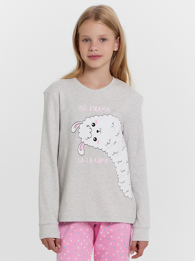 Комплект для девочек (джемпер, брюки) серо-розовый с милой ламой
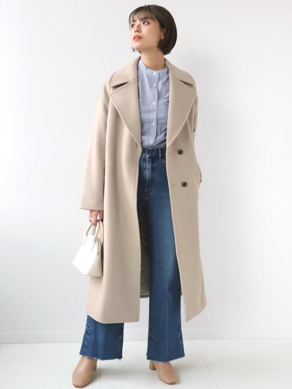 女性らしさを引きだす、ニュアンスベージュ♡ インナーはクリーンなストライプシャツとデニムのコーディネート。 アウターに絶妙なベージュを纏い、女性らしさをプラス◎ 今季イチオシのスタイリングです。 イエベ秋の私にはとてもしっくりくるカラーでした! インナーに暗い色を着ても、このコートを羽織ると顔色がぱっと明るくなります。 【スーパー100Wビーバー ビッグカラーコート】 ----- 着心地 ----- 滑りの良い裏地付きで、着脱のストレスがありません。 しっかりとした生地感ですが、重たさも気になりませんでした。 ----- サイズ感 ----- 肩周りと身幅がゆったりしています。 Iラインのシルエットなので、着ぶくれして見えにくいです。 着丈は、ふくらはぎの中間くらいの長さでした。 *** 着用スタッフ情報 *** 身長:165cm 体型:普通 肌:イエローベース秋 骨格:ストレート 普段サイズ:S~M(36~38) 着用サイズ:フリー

* * *

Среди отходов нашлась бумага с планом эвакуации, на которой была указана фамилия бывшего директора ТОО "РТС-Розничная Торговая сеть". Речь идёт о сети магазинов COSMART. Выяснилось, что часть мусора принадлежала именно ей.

● What is required:
Above are some entries; copy exactly the lines from the line with "Комплект для девочек" through the line with "骨格:ストレート 普段サイズ:S~M(36~38) 着用サイズ:フリー", both included, but none of the pictures.

● Output of the exercise:
 Комплект для девочек (джемпер, брюки) серо-розовый с милой ламой
 女性らしさを引きだす、ニュアンスベージュ♡ インナーはクリーンなストライプシャツとデニムのコーディネート。 アウターに絶妙なベージュを纏い、女性らしさをプラス◎ 今季イチオシのスタイリングです。 イエベ秋の私にはとてもしっくりくるカラーでした! インナーに暗い色を着ても、このコートを羽織ると顔色がぱっと明るくなります。 【スーパー100Wビーバー ビッグカラーコート】 ----- 着心地 ----- 滑りの良い裏地付きで、着脱のストレスがありません。 しっかりとした生地感ですが、重たさも気になりませんでした。 ----- サイズ感 ----- 肩周りと身幅がゆったりしています。 Iラインのシルエットなので、着ぶくれして見えにくいです。 着丈は、ふくらはぎの中間くらいの長さでした。 *** 着用スタッフ情報 *** 身長:165cm 体型:普通 肌:イエローベース秋 骨格:ストレート 普段サイズ:S~M(36~38) 着用サイズ:フリー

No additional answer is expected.